Copy out all of the lines below exactly; the pictures do not belong in the copy.

The data =

========================

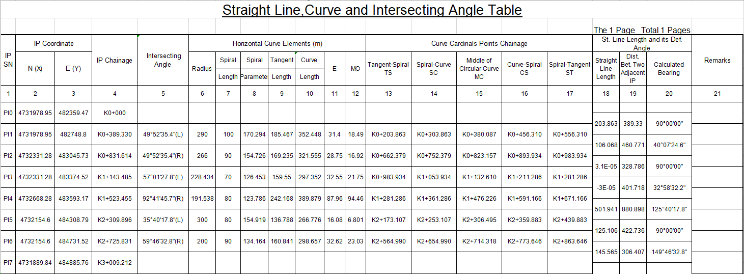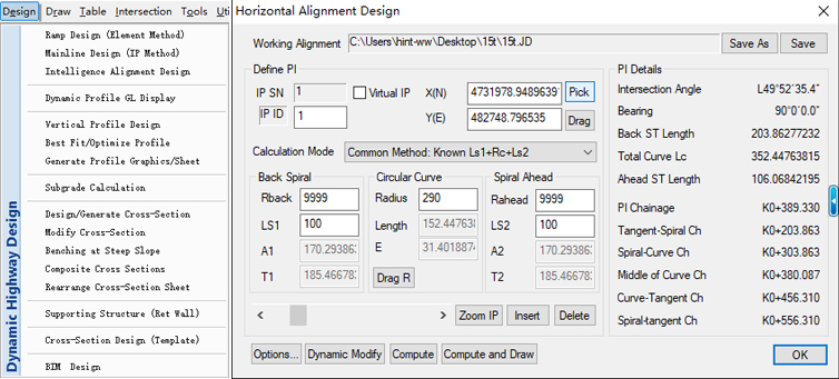 1) 提供常规路线几何设计功能,支持公路、城市道路、铁路、厂矿道路等路线平纵横几何设计与图表成果自动输出功能;
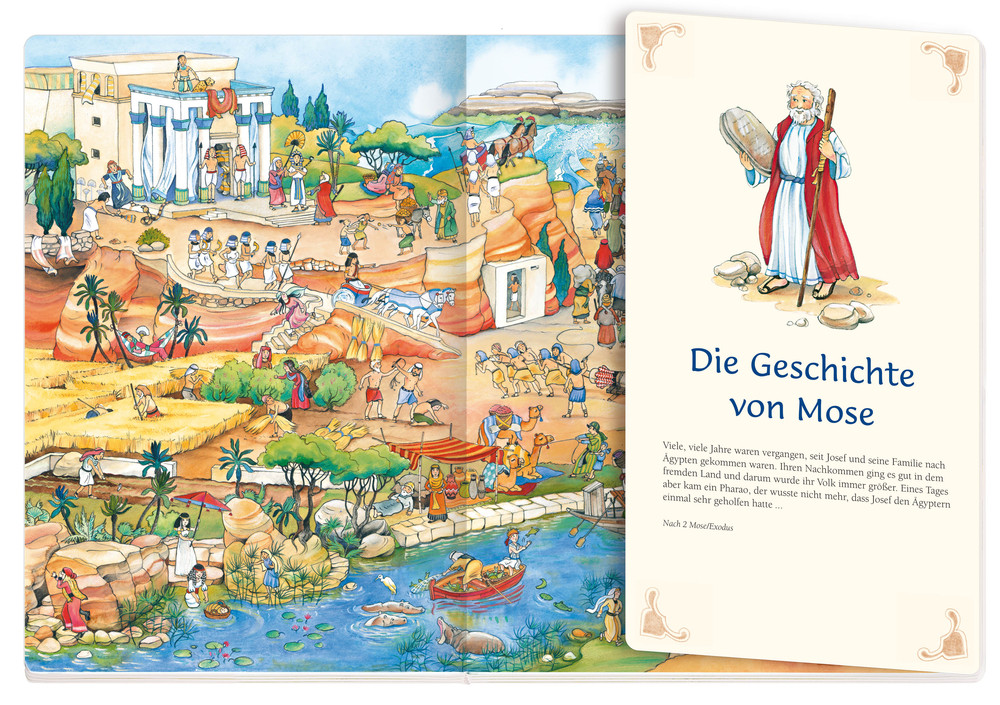 Mit lebhaften, großformatigen Wimmelbildern und leicht verständlichen Texten erzählen Melanie Brockamp und Antonie Schneider die schönsten und bekanntesten Geschichten aus dem Alten- und dem Neuen Testament: vom Anfang der Welt bis hin zum Ostermorgen und der Auferstehung. Dieses großformatige Pappbilderbuch mit sechs Ausfaltseiten bietet einen spielerischen Einstieg in die bunte Welt der Bibel und begeistert die ganze Familie!. Geschlecht: | empf. Mindestalter: 3 Jahr(e) | Preisbindung: J | Textilkennzeichnung: | Pflegekennzeichnung: | Sprache(n) Gebrauchsanweisung: DE,ES,FR,IT,NL,PL,US | Sprache(n) Warnhinweise: | Zolltarifnummer: 49030000 | Ursprungsland: CHINA
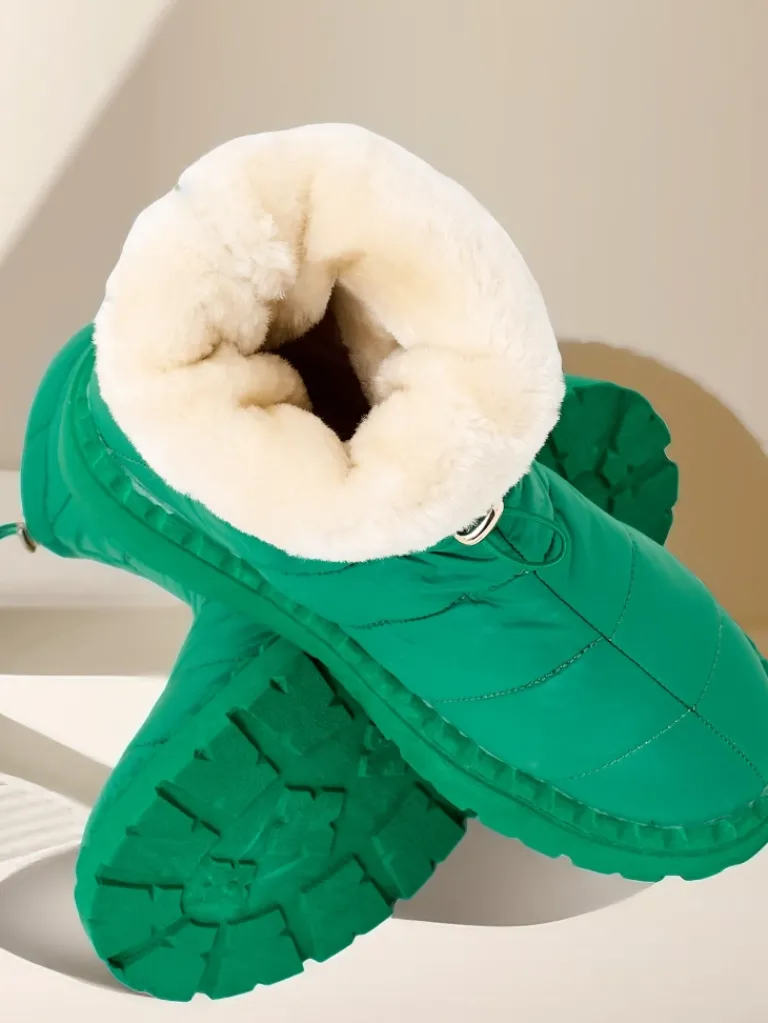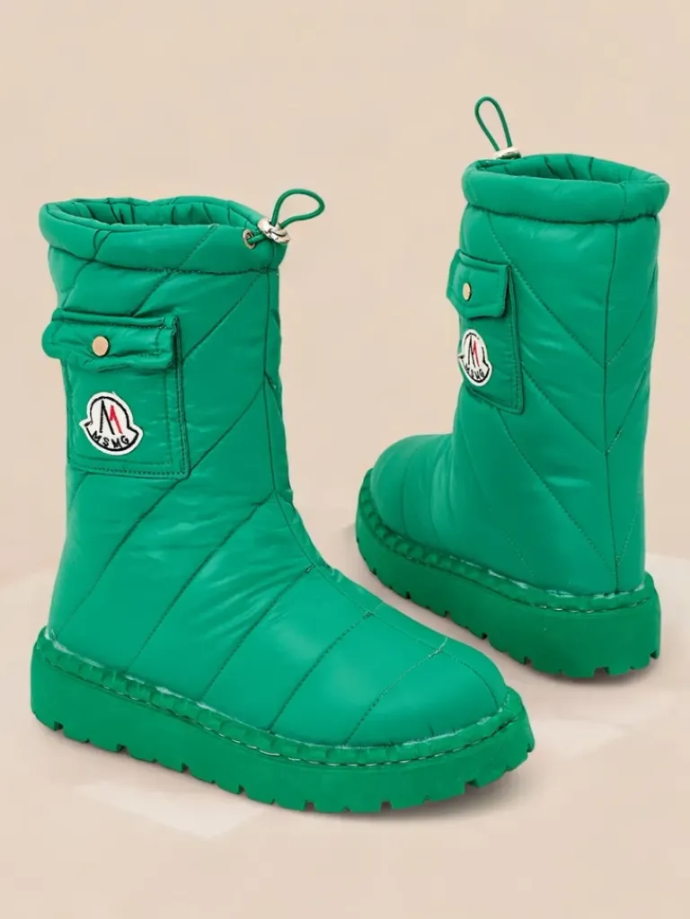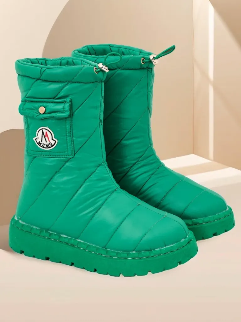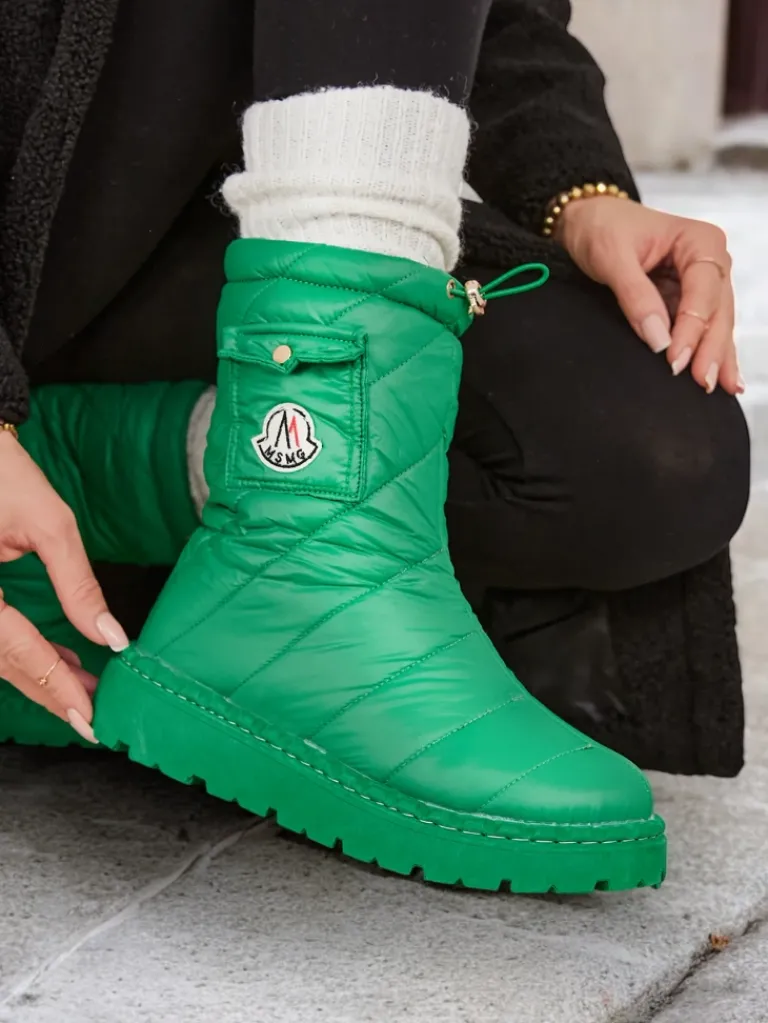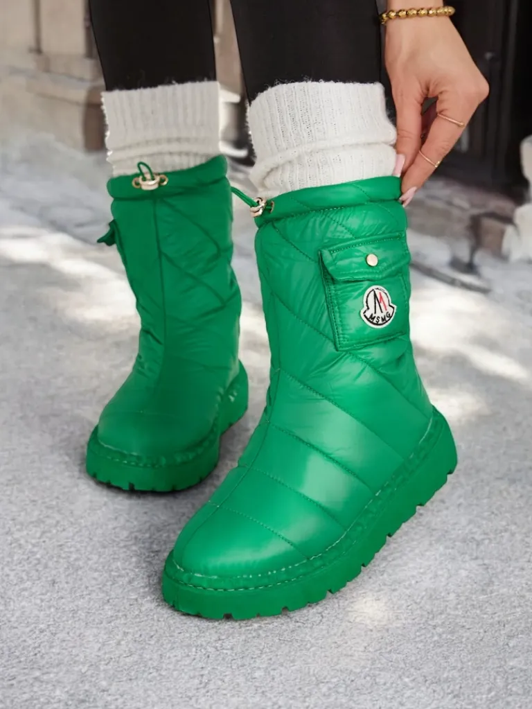 - Damskie obuwie typu śniegowce z cholewką wykonaną z materiału a’la cerata. W środku ocieplenie w formie futerka, obuwie posiada ściągacz pozwalający na idealne dopasowanie. Idealne na chłodniejszą porę roku!

========================

Result =
 1) 提供常规路线几何设计功能,支持公路、城市道路、铁路、厂矿道路等路线平纵横几何设计与图表成果自动输出功能;
 Mit lebhaften, großformatigen Wimmelbildern und leicht verständlichen Texten erzählen Melanie Brockamp und Antonie Schneider die schönsten und bekanntesten Geschichten aus dem Alten- und dem Neuen Testament: vom Anfang der Welt bis hin zum Ostermorgen und der Auferstehung. Dieses großformatige Pappbilderbuch mit sechs Ausfaltseiten bietet einen spielerischen Einstieg in die bunte Welt der Bibel und begeistert die ganze Familie!. Geschlecht: | empf. Mindestalter: 3 Jahr(e) | Preisbindung: J | Textilkennzeichnung: | Pflegekennzeichnung: | Sprache(n) Gebrauchsanweisung: DE,ES,FR,IT,NL,PL,US | Sprache(n) Warnhinweise: | Zolltarifnummer: 49030000 | Ursprungsland: CHINA
 - Damskie obuwie typu śniegowce z cholewką wykonaną z materiału a’la cerata. W środku ocieplenie w formie futerka, obuwie posiada ściągacz pozwalający na idealne dopasowanie. Idealne na chłodniejszą porę roku!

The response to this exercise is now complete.